Need to sell online? WordPress handles e-commerce through WooCommerce, a free plugin that turns your site into a full store — products, cart, checkout, shipping, taxes. Because it runs on your own WordPress site, there are no platform transaction fees on top of card processing, and your store and your content marketing live on one domain, which is great for SEO.

WooCommerce is the right fit when selling is part of your business — a salon selling products, a brewery selling merch, a contractor selling materials. If online sales are your entire business, weigh it against Shopify first. We build both, and we’ll tell you straight which fits. See our WooCommerce development services for the full picture, including our e-commerce build option.

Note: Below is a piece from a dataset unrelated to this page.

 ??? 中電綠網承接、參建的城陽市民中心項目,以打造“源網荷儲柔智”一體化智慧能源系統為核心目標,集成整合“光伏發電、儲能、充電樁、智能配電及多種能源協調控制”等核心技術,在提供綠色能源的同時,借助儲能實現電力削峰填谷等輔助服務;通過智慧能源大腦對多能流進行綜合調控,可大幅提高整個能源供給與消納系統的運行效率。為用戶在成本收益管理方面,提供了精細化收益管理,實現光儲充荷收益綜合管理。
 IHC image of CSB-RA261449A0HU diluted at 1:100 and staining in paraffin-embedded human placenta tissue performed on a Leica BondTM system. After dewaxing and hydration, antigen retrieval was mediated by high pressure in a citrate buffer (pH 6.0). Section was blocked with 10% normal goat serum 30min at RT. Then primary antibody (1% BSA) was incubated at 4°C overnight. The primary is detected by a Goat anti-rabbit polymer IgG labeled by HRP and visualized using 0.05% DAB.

Migrating to WordPress from Wix or Squarespace

A big share of our WordPress work is rescue migrations — businesses that started on a DIY builder, hit its ceiling, and want to move without losing what they’ve built. Here’s the honest picture of how that goes.

What transfers

  • Your domain. You keep it; we point it at the new site. Email keeps working.
  • Your content. Text, images, and blog posts move over. Some of it manually, but it moves.
  • Your SEO equity — if redirects are done right. We map every old URL to its new home with 301 redirects, so the rankings you’ve earned carry over instead of evaporating. This is the step DIY migrations most often botch.

What doesn’t transfer

  • The design. Wix and Squarespace templates are proprietary — they can’t be exported. We rebuild the design in WordPress, which is usually an upgrade anyway.
  • Built-in apps and widgets. Booking tools, galleries, and forms from the old platform get replaced with WordPress equivalents — typically with more capability, not less.
  • Platform-specific settings. Things like Wix’s internal SEO settings have to be recreated, not copied. We handle that as part of the build.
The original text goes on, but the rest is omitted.